(Source data)
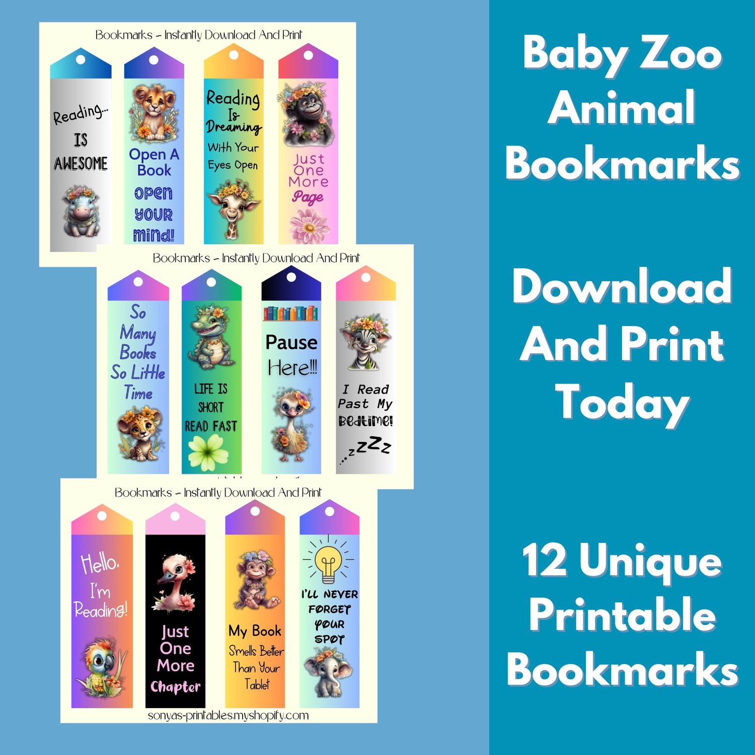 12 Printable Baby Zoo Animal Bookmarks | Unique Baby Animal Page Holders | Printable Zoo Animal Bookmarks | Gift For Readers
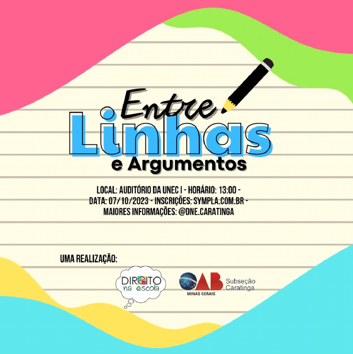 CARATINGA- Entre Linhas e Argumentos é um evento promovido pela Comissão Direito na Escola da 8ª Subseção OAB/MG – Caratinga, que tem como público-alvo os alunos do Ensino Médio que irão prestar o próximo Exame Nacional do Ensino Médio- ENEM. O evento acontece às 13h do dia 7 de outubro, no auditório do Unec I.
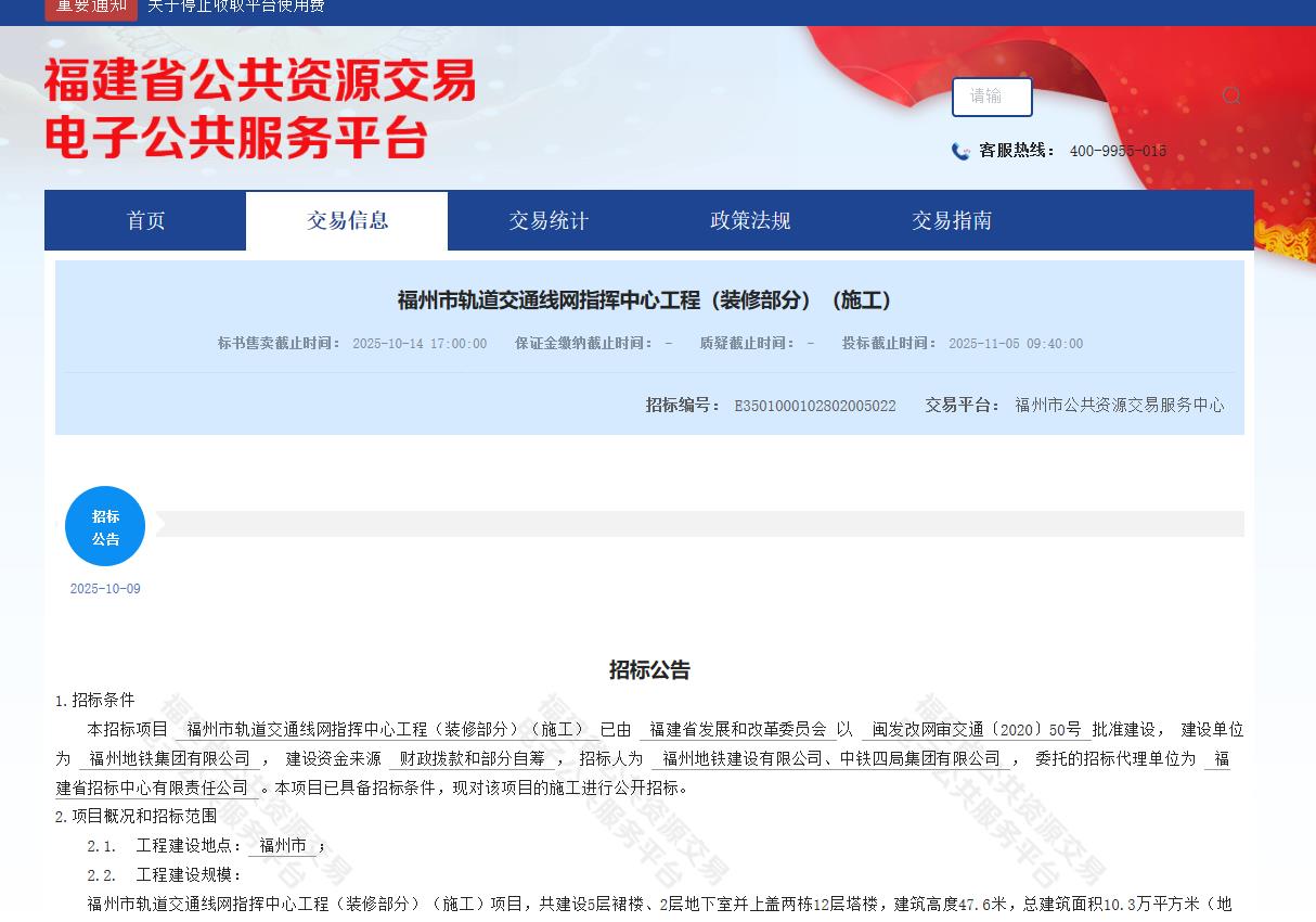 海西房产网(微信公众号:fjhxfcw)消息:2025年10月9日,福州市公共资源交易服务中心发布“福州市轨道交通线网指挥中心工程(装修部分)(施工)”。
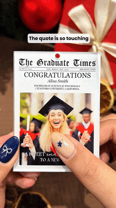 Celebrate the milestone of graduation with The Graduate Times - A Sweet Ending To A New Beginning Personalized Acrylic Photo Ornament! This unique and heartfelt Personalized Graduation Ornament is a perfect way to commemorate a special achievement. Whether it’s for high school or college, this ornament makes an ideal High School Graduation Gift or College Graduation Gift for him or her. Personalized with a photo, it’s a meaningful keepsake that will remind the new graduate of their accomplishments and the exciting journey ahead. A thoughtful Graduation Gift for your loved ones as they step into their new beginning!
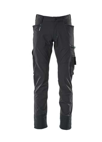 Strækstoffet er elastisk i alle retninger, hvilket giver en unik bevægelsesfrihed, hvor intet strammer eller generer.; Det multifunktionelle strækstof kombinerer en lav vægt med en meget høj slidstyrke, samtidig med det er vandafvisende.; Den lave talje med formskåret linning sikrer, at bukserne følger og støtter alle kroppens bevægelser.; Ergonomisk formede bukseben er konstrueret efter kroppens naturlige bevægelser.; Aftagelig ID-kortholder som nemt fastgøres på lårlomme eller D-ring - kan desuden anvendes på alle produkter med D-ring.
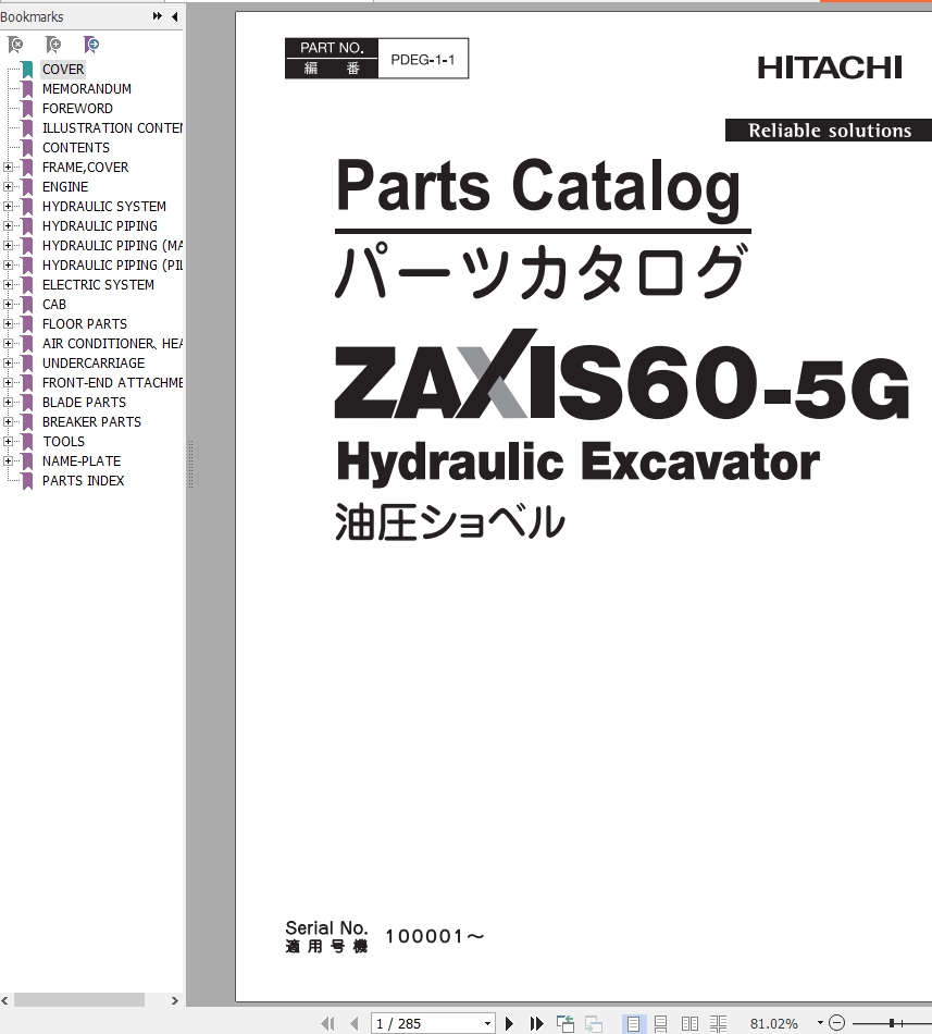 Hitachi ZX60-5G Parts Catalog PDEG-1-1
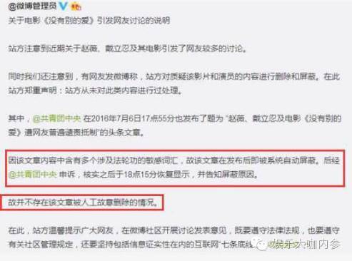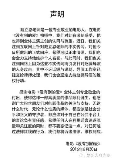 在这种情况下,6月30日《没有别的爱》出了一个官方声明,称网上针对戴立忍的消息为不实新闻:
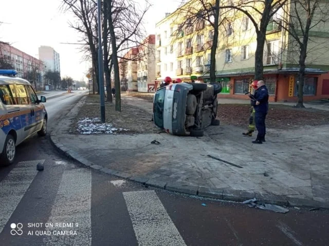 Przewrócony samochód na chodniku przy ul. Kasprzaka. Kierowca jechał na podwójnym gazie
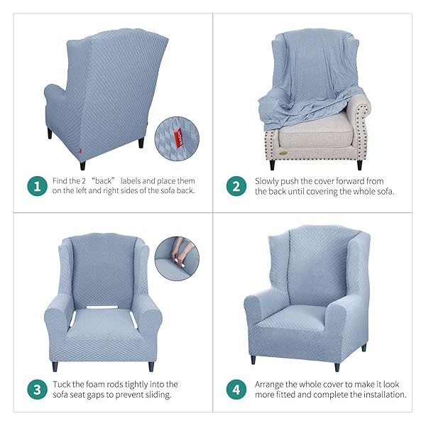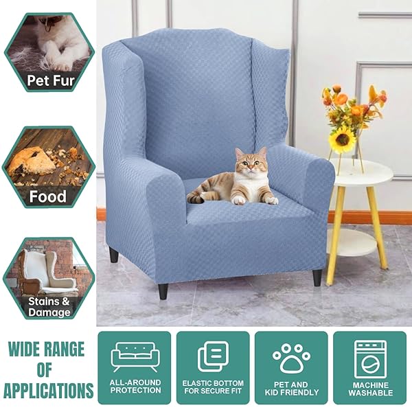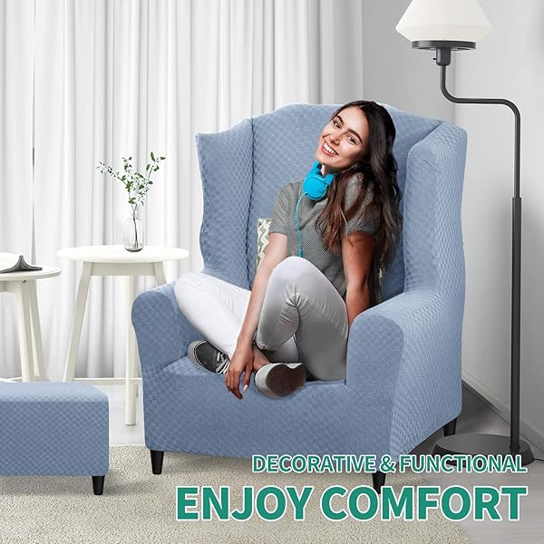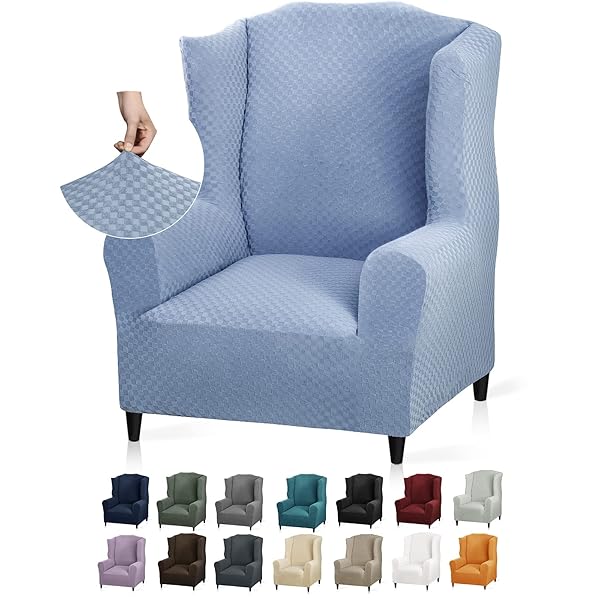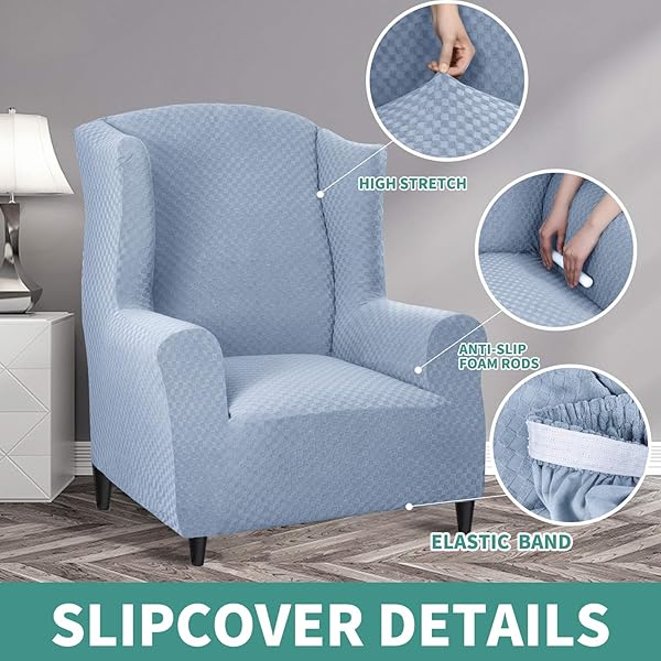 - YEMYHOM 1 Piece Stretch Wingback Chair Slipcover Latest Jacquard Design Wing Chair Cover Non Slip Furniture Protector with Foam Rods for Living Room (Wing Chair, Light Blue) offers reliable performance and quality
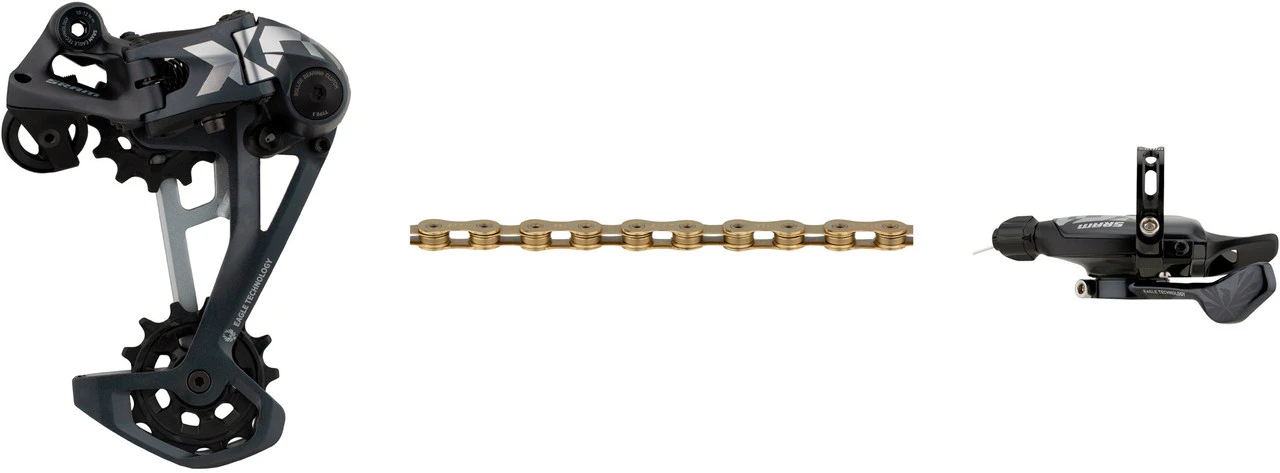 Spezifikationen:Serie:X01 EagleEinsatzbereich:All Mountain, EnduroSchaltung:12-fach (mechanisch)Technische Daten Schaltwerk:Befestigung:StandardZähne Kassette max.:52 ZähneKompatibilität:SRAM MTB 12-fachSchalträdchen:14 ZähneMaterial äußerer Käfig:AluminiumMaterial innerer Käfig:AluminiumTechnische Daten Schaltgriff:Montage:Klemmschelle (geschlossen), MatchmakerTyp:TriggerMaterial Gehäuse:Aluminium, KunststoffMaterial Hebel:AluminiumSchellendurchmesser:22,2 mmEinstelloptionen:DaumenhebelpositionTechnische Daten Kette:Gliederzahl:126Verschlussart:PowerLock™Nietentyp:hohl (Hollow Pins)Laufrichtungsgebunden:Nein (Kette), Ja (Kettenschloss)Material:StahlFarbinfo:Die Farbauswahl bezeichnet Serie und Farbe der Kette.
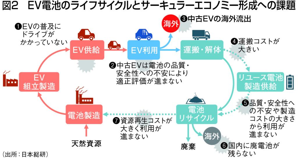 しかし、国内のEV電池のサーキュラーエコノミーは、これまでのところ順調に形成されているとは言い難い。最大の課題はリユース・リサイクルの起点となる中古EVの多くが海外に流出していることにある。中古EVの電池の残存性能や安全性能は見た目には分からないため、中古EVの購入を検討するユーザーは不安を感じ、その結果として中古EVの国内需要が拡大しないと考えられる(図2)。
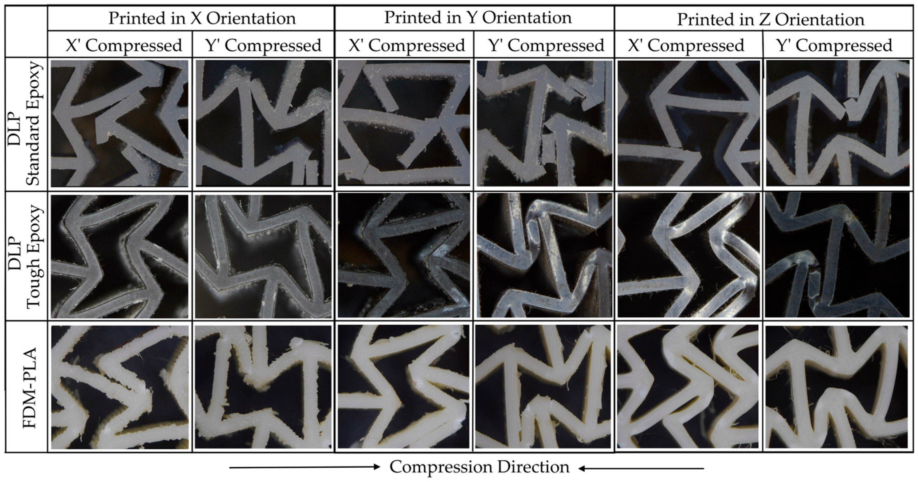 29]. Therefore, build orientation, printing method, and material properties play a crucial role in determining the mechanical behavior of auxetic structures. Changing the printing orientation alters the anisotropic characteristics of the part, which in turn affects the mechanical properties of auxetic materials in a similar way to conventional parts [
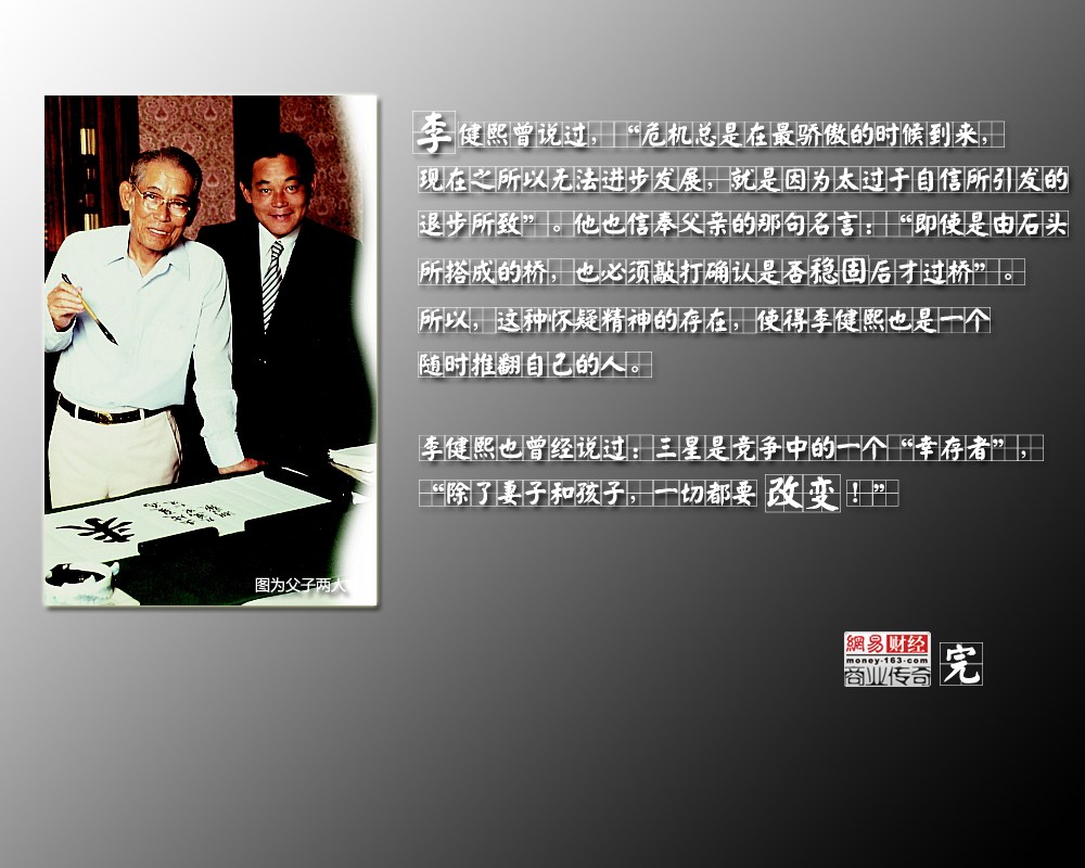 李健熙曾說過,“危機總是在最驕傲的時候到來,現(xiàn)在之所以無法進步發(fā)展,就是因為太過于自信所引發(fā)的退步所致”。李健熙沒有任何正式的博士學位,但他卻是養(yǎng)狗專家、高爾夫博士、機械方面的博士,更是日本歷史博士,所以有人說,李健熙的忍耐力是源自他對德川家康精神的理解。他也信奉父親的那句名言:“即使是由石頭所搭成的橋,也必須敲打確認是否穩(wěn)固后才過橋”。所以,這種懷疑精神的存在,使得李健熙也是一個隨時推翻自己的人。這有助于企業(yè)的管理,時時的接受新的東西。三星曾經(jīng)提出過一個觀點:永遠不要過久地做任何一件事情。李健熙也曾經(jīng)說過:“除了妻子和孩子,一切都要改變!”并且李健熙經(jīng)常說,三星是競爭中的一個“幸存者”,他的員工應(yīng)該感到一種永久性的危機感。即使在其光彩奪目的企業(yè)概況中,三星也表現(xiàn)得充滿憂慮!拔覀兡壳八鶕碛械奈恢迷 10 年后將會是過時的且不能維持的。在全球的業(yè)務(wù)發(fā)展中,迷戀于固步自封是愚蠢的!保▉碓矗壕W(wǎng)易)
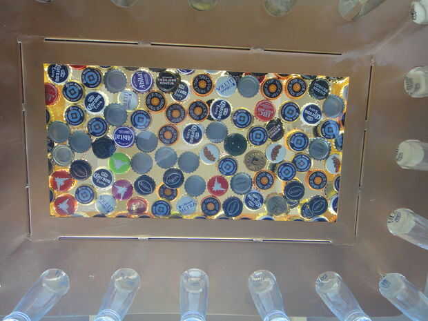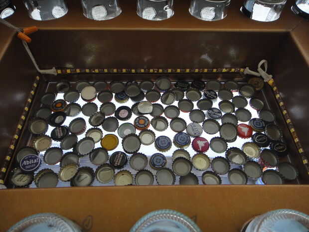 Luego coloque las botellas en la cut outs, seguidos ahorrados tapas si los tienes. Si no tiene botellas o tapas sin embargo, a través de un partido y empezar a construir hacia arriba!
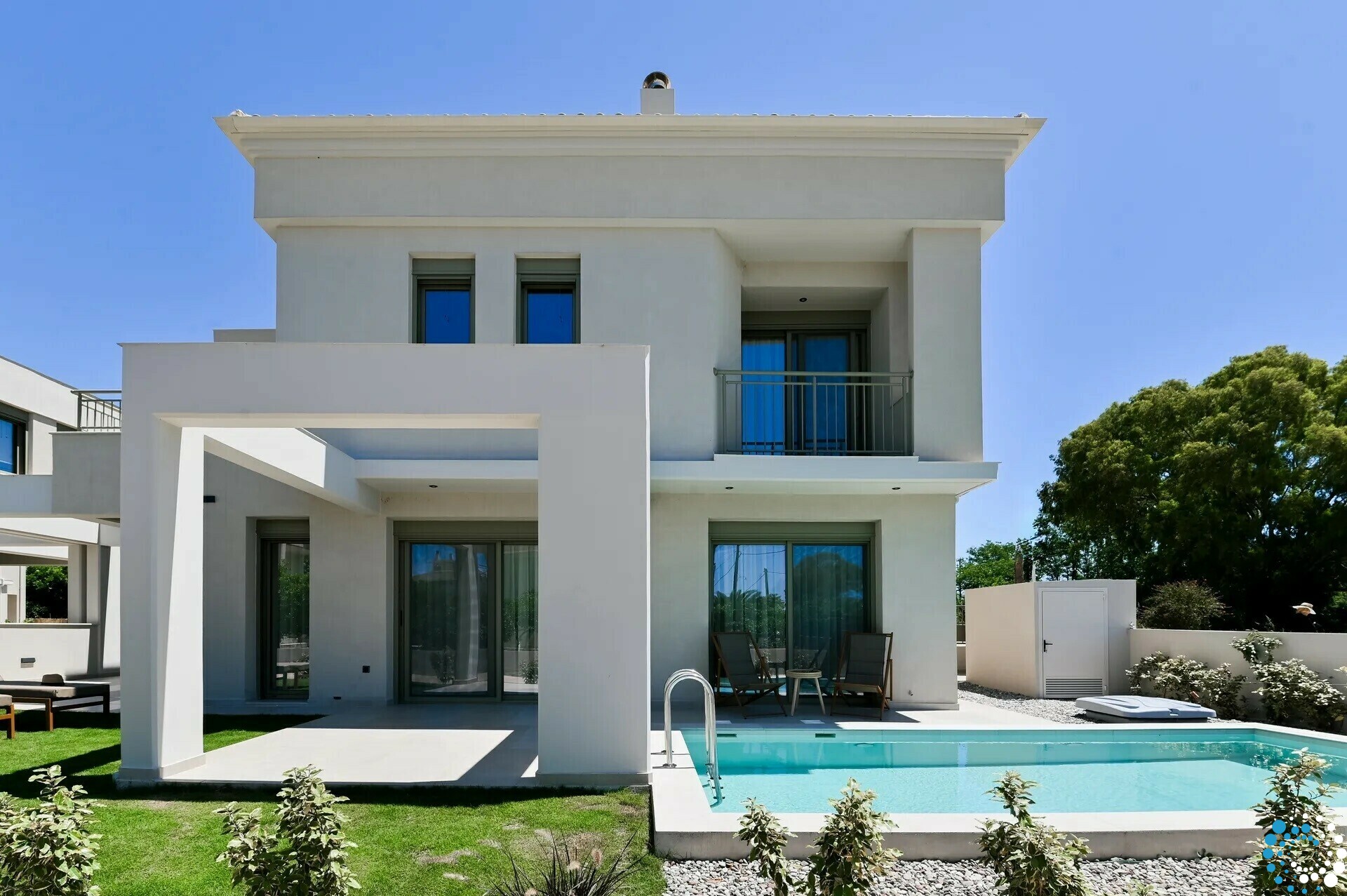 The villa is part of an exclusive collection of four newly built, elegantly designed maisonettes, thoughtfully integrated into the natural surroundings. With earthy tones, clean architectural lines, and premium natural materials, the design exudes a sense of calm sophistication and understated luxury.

# WORK INSTRUCTION
Going by the entries above, repeat exactly the lines that start at the line with "CARATINGA- Entre Linhas" and go on through the line with "Przewrócony samochód na". Pictures are not part of the copy.

# THE COMPLETED TASK
 CARATINGA- Entre Linhas e Argumentos é um evento promovido pela Comissão Direito na Escola da 8ª Subseção OAB/MG – Caratinga, que tem como público-alvo os alunos do Ensino Médio que irão prestar o próximo Exame Nacional do Ensino Médio- ENEM. O evento acontece às 13h do dia 7 de outubro, no auditório do Unec I.
 海西房产网(微信公众号:fjhxfcw)消息:2025年10月9日,福州市公共资源交易服务中心发布“福州市轨道交通线网指挥中心工程(装修部分)(施工)”。
 Celebrate the milestone of graduation with The Graduate Times - A Sweet Ending To A New Beginning Personalized Acrylic Photo Ornament! This unique and heartfelt Personalized Graduation Ornament is a perfect way to commemorate a special achievement. Whether it’s for high school or college, this ornament makes an ideal High School Graduation Gift or College Graduation Gift for him or her. Personalized with a photo, it’s a meaningful keepsake that will remind the new graduate of their accomplishments and the exciting journey ahead. A thoughtful Graduation Gift for your loved ones as they step into their new beginning!
 Strækstoffet er elastisk i alle retninger, hvilket giver en unik bevægelsesfrihed, hvor intet strammer eller generer.; Det multifunktionelle strækstof kombinerer en lav vægt med en meget høj slidstyrke, samtidig med det er vandafvisende.; Den lave talje med formskåret linning sikrer, at bukserne følger og støtter alle kroppens bevægelser.; Ergonomisk formede bukseben er konstrueret efter kroppens naturlige bevægelser.; Aftagelig ID-kortholder som nemt fastgøres på lårlomme eller D-ring - kan desuden anvendes på alle produkter med D-ring.
 Hitachi ZX60-5G Parts Catalog PDEG-1-1
 在这种情况下,6月30日《没有别的爱》出了一个官方声明,称网上针对戴立忍的消息为不实新闻:
 Przewrócony samochód na chodniku przy ul. Kasprzaka. Kierowca jechał na podwójnym gazie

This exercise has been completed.